# Domain name registrar which uses spamhaus or similar?



## queshaw (Nov 29, 2012)

I have email forwarded to my ISP from a domain name hosting company. The IP address of their server that relays my email gets on the CBL at spamhaus. The result is that people who send me email get back an email saying that their email couldn't be relayed because that IP address is known to belong to a spammer.

The domain name hosting company's tech support people told me that there is nothing that they can do. Spamhaus warns that they will eventually refuse to delist addresses that get on the list repeatedly.
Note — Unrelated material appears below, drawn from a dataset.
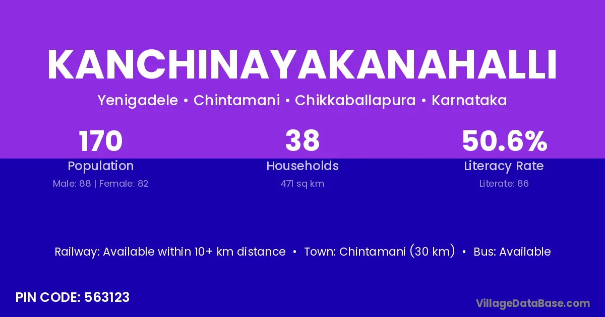 Chintamani (30 km) is the nearest town to Kanchinayakanahalli village for major economic activities and is located approximately 30 km away.
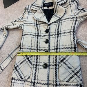Adolfo cream black gray plaid check fall/winter coat size Medium

Assuming that I've understood the situation, do you know how I can go about finding a domain name hosting company that uses the CBL or something similar to avoid relaying spam, so that this situation doesn't keep coming up? I mean, aside from asking the companies about it. I suspect the people I would be able to talk to wouldn't understand the problem.


----------



## Pushrod (Nov 30, 2012)

Setup a Google Apps account if you can. Email sucks; I don't deal with it myself anymore.


----------



## queshaw (Nov 30, 2012)

Thanks. I have various email accounts.

There is a specific email address that identifies me that I need to use. So, I want to resolve this problem.


----------



## jrm@ (Nov 30, 2012)

In case it's not clear...

With google apps you can continue to use your personal email address(es).


----------



## SirDice (Nov 30, 2012)

A domain name registrar only registers domains, it doesn't host any services. You're looking for a (mail) hosting company with proper anti-spam. This has nothing to do with the registration of a domain.


----------



## queshaw (Nov 30, 2012)

The only service that I am referring to is DNS lookup. The company that I purchased my domain name from associates servers with my domain name. Similar to this, I think:

Sender's email client > their mail server (sender's server) -> the mail server that forwards my email (relay) -> my ISP (ISP) -> my email client

Spamhaus has "relay" on their spam list. "Sender's server" consults spamhaus and says, hey "relay" is a spammer.

dig mx example.com

shows the IP address of "relay" for example.com

About google apps, if that means google handles DNS for my domain name, then maybe that is an alternative, though I would prefer to avoid google as much as is practical.


----------



## jrm@ (Nov 30, 2012)

What @SirDice said...

But, today registrars like to try and get you to do more than just register domains with them.  They like you to buy extra services like web and email hosting _from them_.  It sounds like you are just buying an extra, crappy service from your registrar.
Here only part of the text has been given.